▸ Directions
For the material below, reproduce exactly each line from the one that has "同じ形は二つとない非対称フォ" through the one that has "Очень часто эту", and no others; pictures stay out.

▸ Listed entries
Start of Block
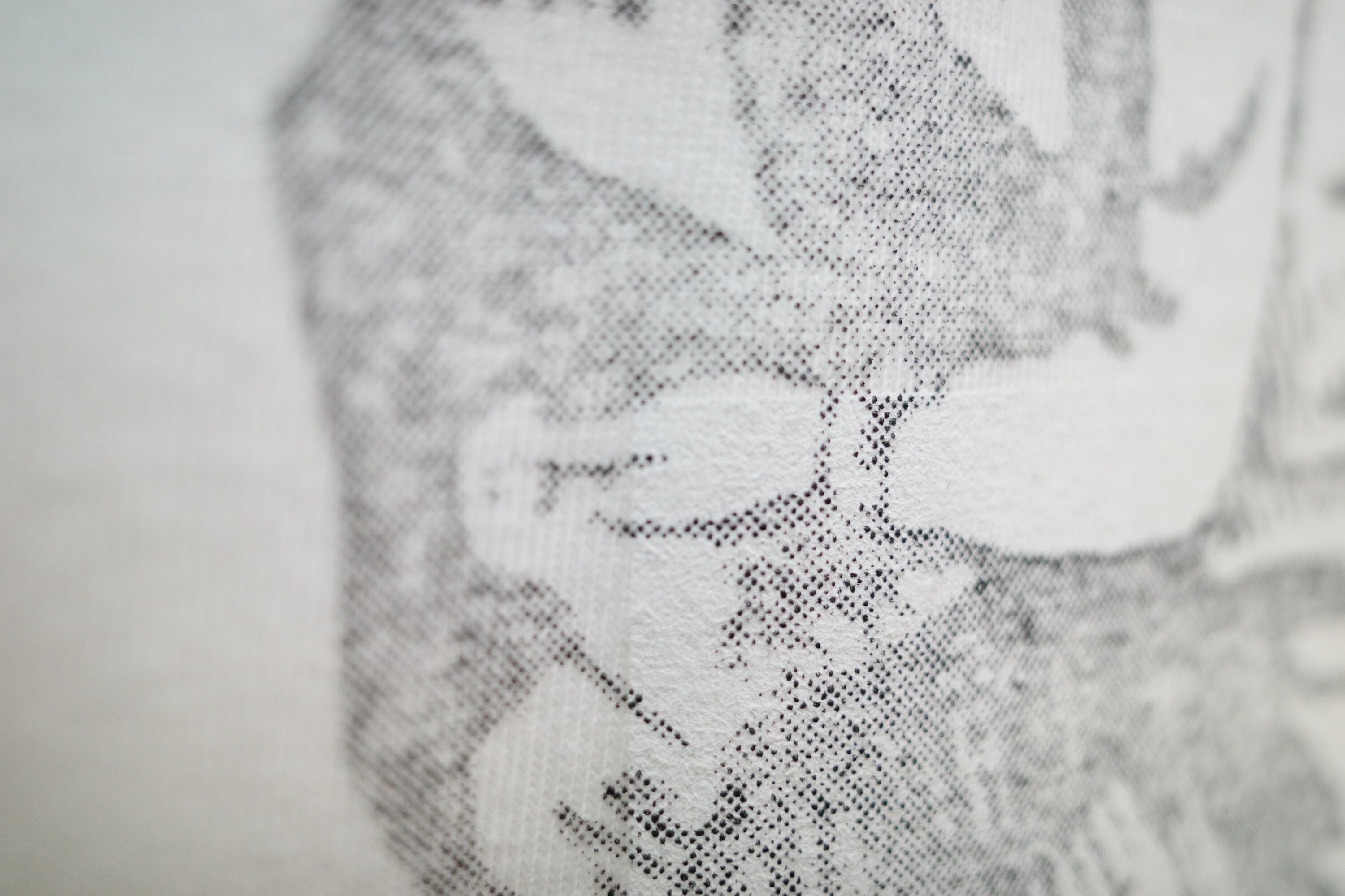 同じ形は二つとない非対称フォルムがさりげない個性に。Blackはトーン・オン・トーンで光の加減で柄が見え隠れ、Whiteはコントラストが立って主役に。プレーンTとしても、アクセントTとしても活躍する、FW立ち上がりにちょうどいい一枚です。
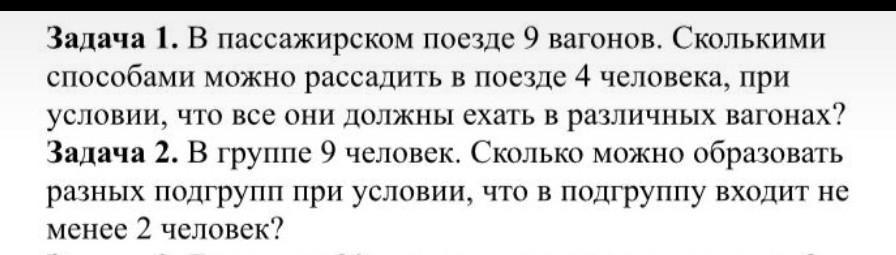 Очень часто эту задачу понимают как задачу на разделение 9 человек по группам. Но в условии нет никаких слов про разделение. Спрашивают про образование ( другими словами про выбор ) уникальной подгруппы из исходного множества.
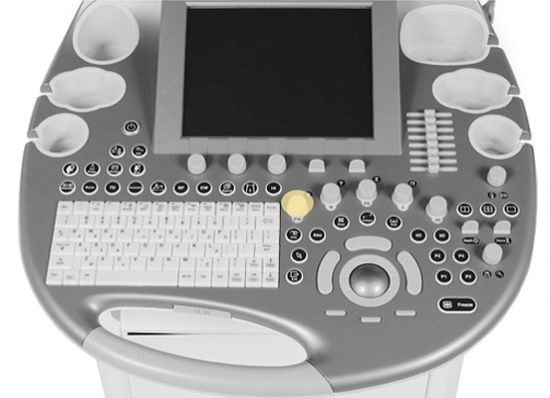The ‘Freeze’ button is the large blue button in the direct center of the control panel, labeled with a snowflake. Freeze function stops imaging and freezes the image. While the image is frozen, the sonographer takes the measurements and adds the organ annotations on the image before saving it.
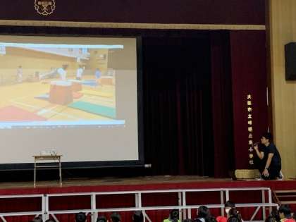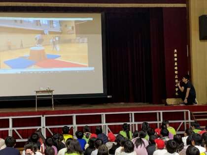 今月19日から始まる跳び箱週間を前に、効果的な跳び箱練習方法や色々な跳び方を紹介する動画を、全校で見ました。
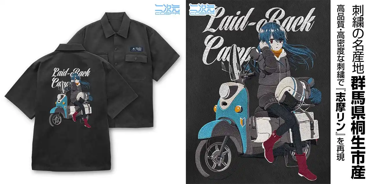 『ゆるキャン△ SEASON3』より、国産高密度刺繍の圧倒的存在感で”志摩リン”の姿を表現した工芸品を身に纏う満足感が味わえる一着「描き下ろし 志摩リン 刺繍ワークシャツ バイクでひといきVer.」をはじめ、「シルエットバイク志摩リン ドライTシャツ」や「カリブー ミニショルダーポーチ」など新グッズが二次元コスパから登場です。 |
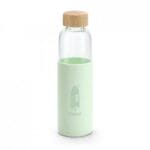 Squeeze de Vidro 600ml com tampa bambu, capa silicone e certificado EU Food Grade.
End of Block
Start of Block
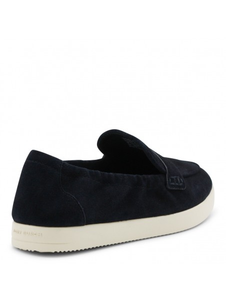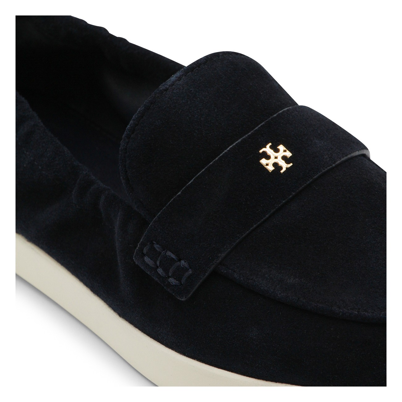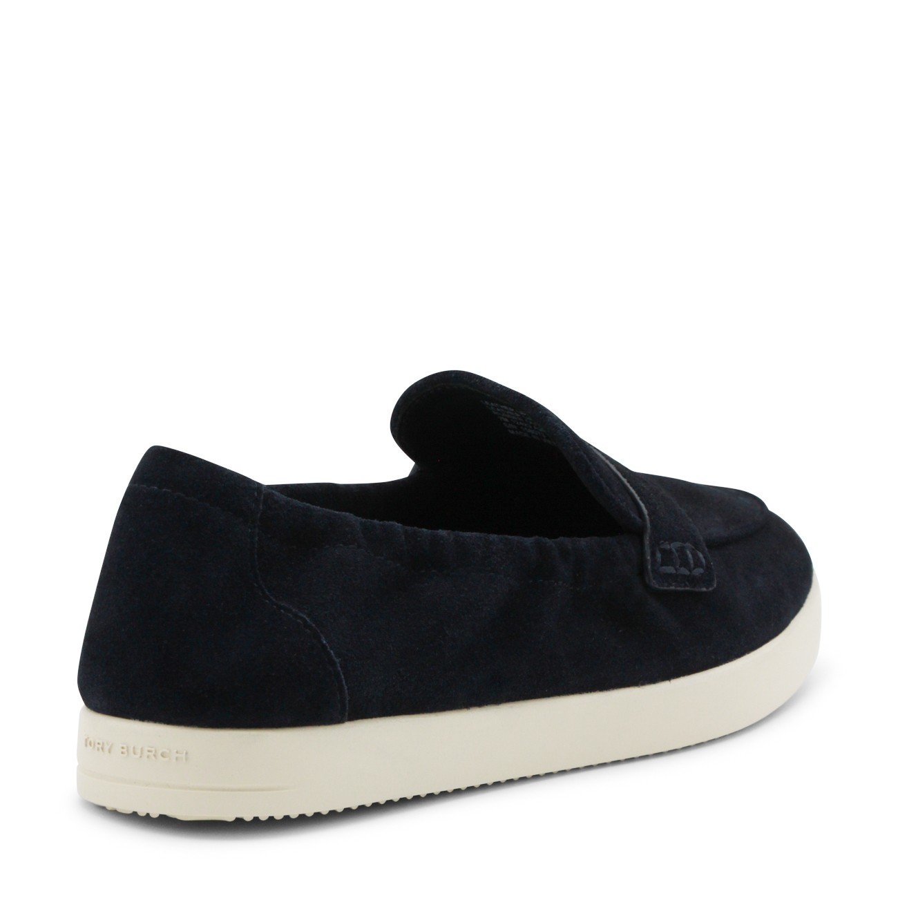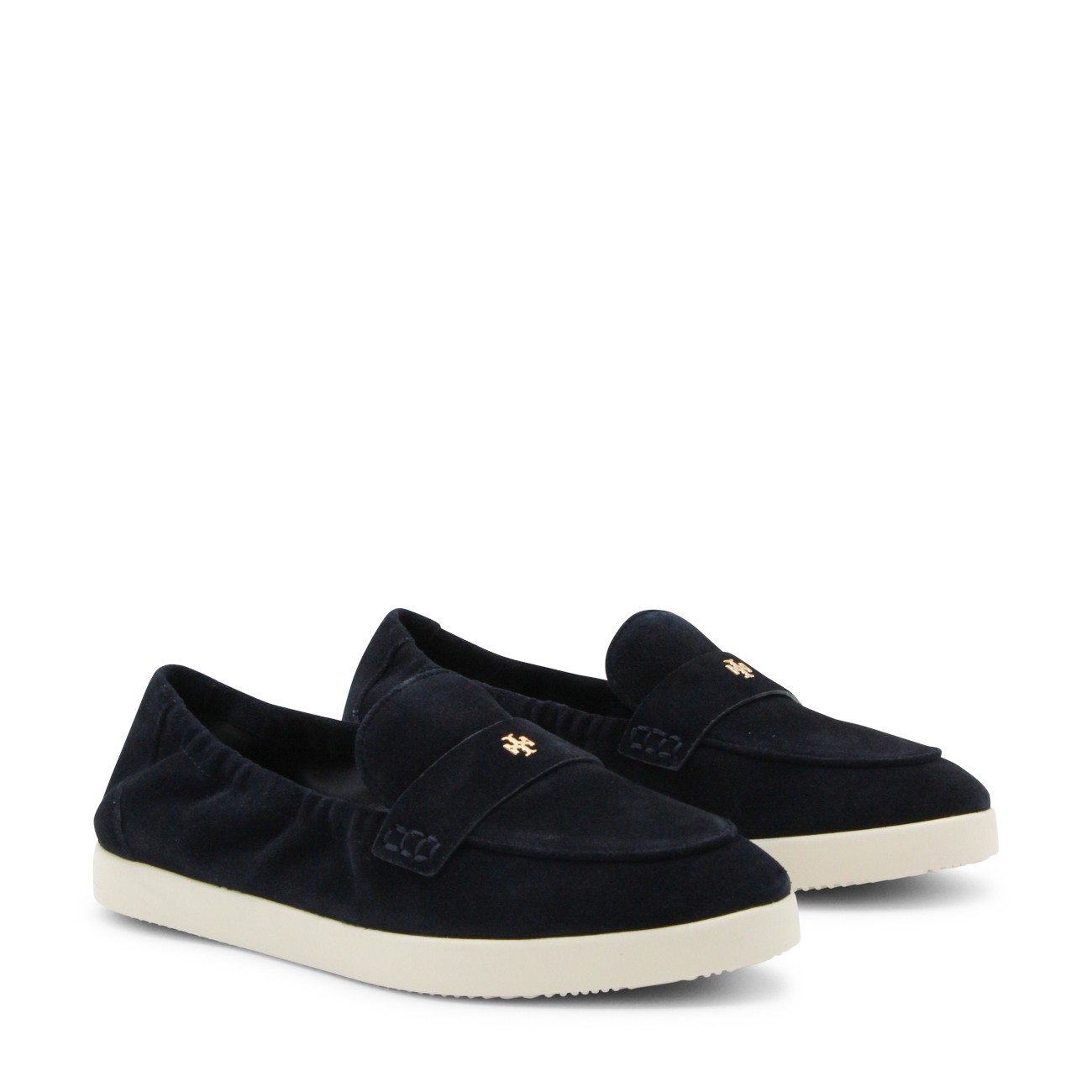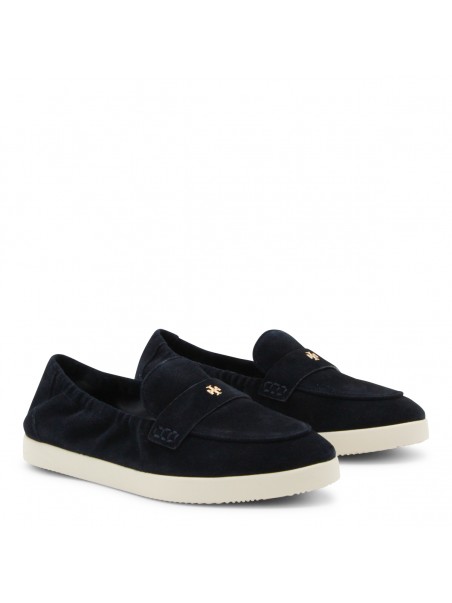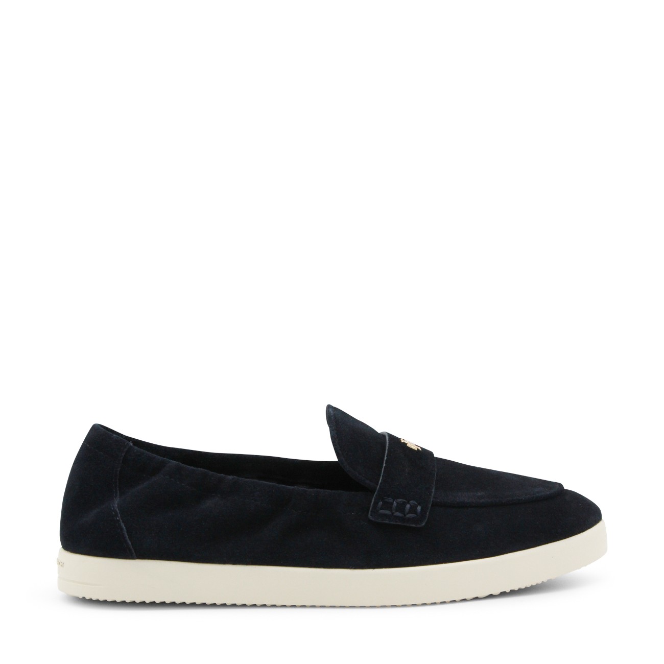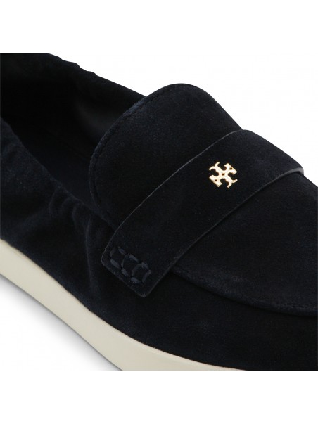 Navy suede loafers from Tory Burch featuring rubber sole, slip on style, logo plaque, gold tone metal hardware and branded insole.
End of Block
▸ Result below
 同じ形は二つとない非対称フォルムがさりげない個性に。Blackはトーン・オン・トーンで光の加減で柄が見え隠れ、Whiteはコントラストが立って主役に。プレーンTとしても、アクセントTとしても活躍する、FW立ち上がりにちょうどいい一枚です。
 Очень часто эту задачу понимают как задачу на разделение 9 человек по группам. Но в условии нет никаких слов про разделение. Спрашивают про образование ( другими словами про выбор ) уникальной подгруппы из исходного множества.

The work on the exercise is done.